# Listed records

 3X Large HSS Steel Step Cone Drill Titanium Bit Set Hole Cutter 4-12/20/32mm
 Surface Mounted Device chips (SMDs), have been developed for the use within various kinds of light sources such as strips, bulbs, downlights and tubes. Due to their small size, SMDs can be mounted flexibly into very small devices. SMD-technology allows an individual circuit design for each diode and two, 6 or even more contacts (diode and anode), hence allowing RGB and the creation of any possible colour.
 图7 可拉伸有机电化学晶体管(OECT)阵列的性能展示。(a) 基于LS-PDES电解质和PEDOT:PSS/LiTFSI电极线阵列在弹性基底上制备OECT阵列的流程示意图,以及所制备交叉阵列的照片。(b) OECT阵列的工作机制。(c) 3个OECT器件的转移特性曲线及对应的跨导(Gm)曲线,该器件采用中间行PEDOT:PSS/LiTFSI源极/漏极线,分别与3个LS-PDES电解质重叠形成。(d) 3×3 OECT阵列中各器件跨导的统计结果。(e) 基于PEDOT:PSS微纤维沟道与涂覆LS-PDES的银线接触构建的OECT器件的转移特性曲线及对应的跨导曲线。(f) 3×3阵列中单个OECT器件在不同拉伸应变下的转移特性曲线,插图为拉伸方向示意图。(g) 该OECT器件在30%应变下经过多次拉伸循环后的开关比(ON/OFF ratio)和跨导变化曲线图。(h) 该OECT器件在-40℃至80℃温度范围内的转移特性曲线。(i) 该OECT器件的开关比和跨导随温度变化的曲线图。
* * *
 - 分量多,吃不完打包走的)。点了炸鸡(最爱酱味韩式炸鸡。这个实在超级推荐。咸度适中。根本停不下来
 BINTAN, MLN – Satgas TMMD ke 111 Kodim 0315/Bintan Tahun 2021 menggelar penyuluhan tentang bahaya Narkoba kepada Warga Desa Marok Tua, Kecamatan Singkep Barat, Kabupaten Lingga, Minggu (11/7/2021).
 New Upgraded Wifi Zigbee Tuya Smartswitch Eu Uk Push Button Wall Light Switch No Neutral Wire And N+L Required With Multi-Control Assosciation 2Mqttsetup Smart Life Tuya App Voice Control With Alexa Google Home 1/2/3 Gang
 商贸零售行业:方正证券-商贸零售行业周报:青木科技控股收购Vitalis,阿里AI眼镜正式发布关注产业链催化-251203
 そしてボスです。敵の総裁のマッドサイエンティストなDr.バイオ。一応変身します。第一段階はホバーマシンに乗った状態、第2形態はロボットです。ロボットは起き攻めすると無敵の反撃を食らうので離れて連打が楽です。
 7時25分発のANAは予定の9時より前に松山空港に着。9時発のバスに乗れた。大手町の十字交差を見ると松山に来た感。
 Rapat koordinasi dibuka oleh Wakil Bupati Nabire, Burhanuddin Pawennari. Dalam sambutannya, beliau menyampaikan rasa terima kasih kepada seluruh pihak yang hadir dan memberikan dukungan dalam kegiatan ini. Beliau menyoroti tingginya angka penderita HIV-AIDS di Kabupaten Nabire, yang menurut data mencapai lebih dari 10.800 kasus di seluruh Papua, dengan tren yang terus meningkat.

# What needs to be done
As listed above, the lines from the line with "3X Large HSS" to the line with "Surface Mounted Device" are to be echoed exactly, with both ends included and nothing added.

# Result
 3X Large HSS Steel Step Cone Drill Titanium Bit Set Hole Cutter 4-12/20/32mm
 Surface Mounted Device chips (SMDs), have been developed for the use within various kinds of light sources such as strips, bulbs, downlights and tubes. Due to their small size, SMDs can be mounted flexibly into very small devices. SMD-technology allows an individual circuit design for each diode and two, 6 or even more contacts (diode and anode), hence allowing RGB and the creation of any possible colour.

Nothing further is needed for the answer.